I totally agree with you. But what is interesting me here is your point
about the fact that XML Schema treats namespaces as if they were meaningful.
That's what I answered to Simon St.Laurent in a previous mail (I can't find
it in the archives, it seems that the archives have lost a few posts...).
Simon was against defining document types, and wanted to use namespaces
differently so that they could be assimilated to document types. We now are
at a point where we have the choice between two scenarii :

1) Namespaces are just sets of names with no additional semantics, they are
50% of QNames and that's all.

In this scenario, schemas can span multiple namespaces because the semantics
of a document are defined by its schema, not the namespaces it uses.
WARNING: like for all of by previous posts, 'schema' means a set of
constraints on the structure of a document. A schema can be written as a
DTD, an XML Schema, a RELAX NG schema, etc. In this world, we have to define
the concept of 'document type' so that we may associate meta-data (schemas,
stylesheets, code, etc.) to a set of documents that share the same semantics
(the same abstract schema). In this world, associating schemas to namespaces
is nonsense, RDDL is still useful as a namespace description format and XML
Schema is severely impaired (because you can't write the XML Schema of a
document which mixes namespaces, like RDDL, WAP 2.0, a SOAP request, etc.).

2) Namespaces are meaningful. They are not only 50% of the document.

Some programs can implement algorithms based on the namespaces only, and
still produce interesting results. For example, a browser, when encoutering
an unknown namespace, could delegate the rendering of the subtree beginning
at the foreign element to a plugin that could be dynamically downloaded.

This is possible because an abstract schema is bound to the namespace, so
that it is possible to write code that depend only on the namespace and its
intrinsinc schema. A renderer plugin could process the subtree because it
would know the elements and structure of elements that the namespace schema
enforces. The enclosing schema would not have any means of changing this
schema, so the plugin would never find unexpected data.

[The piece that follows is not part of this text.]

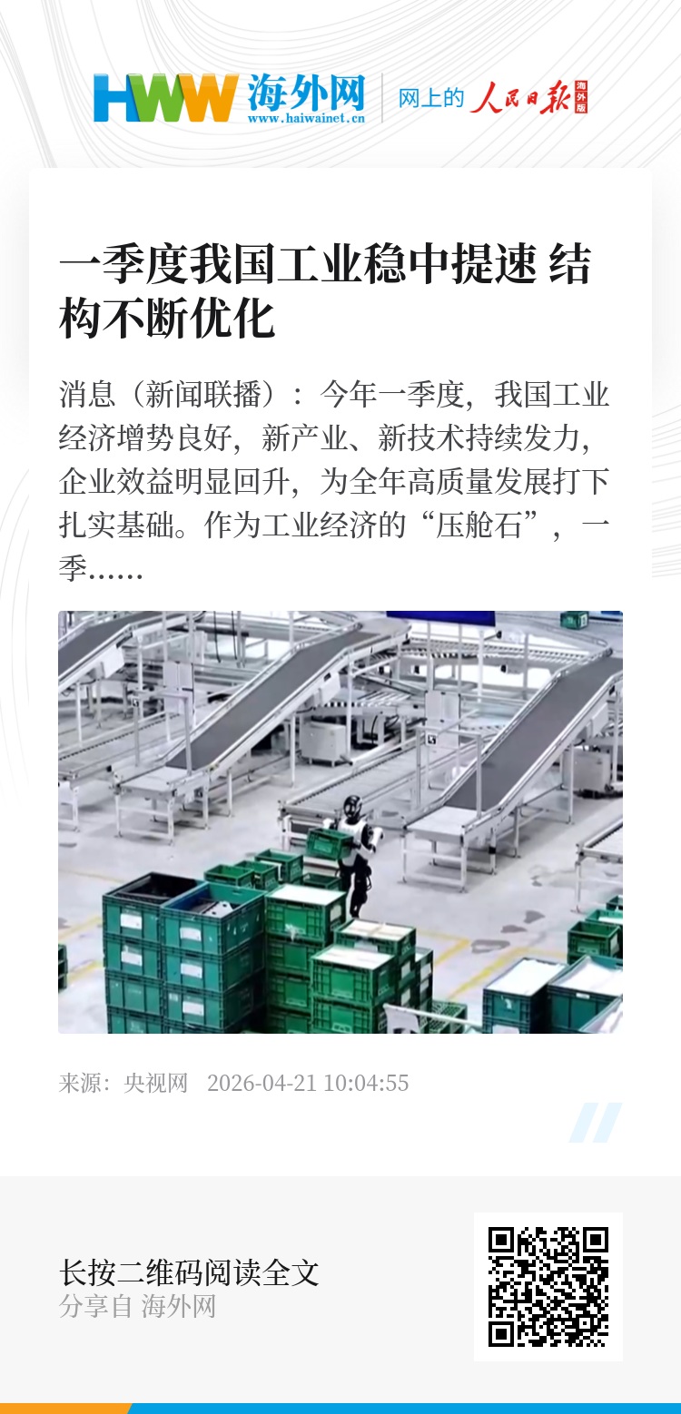 央视网消息(新闻联播):今年一季度,我国工业经济增势良好,新产业、新技术持续发力,企业效益明显回升,为全年高质量发展打下扎实基础。

[ This would not be possible in scenario 1, where the document structure is
totally unrelated to the namespaces, so it would be impossible to associate
some code to a namespace and expect any namespace-inherent structure. There
could be situations in which some elements would be recognized, but found in
a totally different context than the plugin could expect, thus causing
failures or worse, incorrect results. ]

Note that this model could be easily extended to support multiple schema,
depending on the first element encountered. In that case, a namespace would
have one abstract schema per element that can stand-alone or be embedded
into a foreign document.

In this scenario, XML Schema would be at ease, not limited by its unique
targetNamespace. Indeed, schemas would never span multiple namespaces, to
ensure the proper operation of all the code that depends on namespaces.
However, schemas could be extensible and integrate multiple namespaces by
delegating the validation of foreign namespaces to their appropriate schema
(based on the element encountered). We would have to find a way to
standardize this delegation mechanism. Moreover, as we cannot expect all
schemas for all namespaces to be written in XML Schema, this delegation
mechanism should support cross-schema-language delegation. This would result
in the "namespace-insulation" of schemas, the schemas being assigned a
single targetNamespace, yet have interfaces with other namespaces through
delegation mechanisms.

There is another example of usage of namespaces, maybe more interesting than
plugins for rendering given the current news about web services. A
namespace-based content validation, dispatching and processing would
radically change the way web services could be implemented. We could have
general validation for any SOAP request, for example, each part of the SOAP
message being validated by an appropriate message : the SOAP envelope by the
SOAP schema, the request by the schema associated to the namespace and name
of its root element, etc.

Of course, in this scenario, typing information would be closely related to
namespaces, so RDDL would be the perfect place to list all the schemas of a
namespace, not forgetting to specify the root elements of each schema.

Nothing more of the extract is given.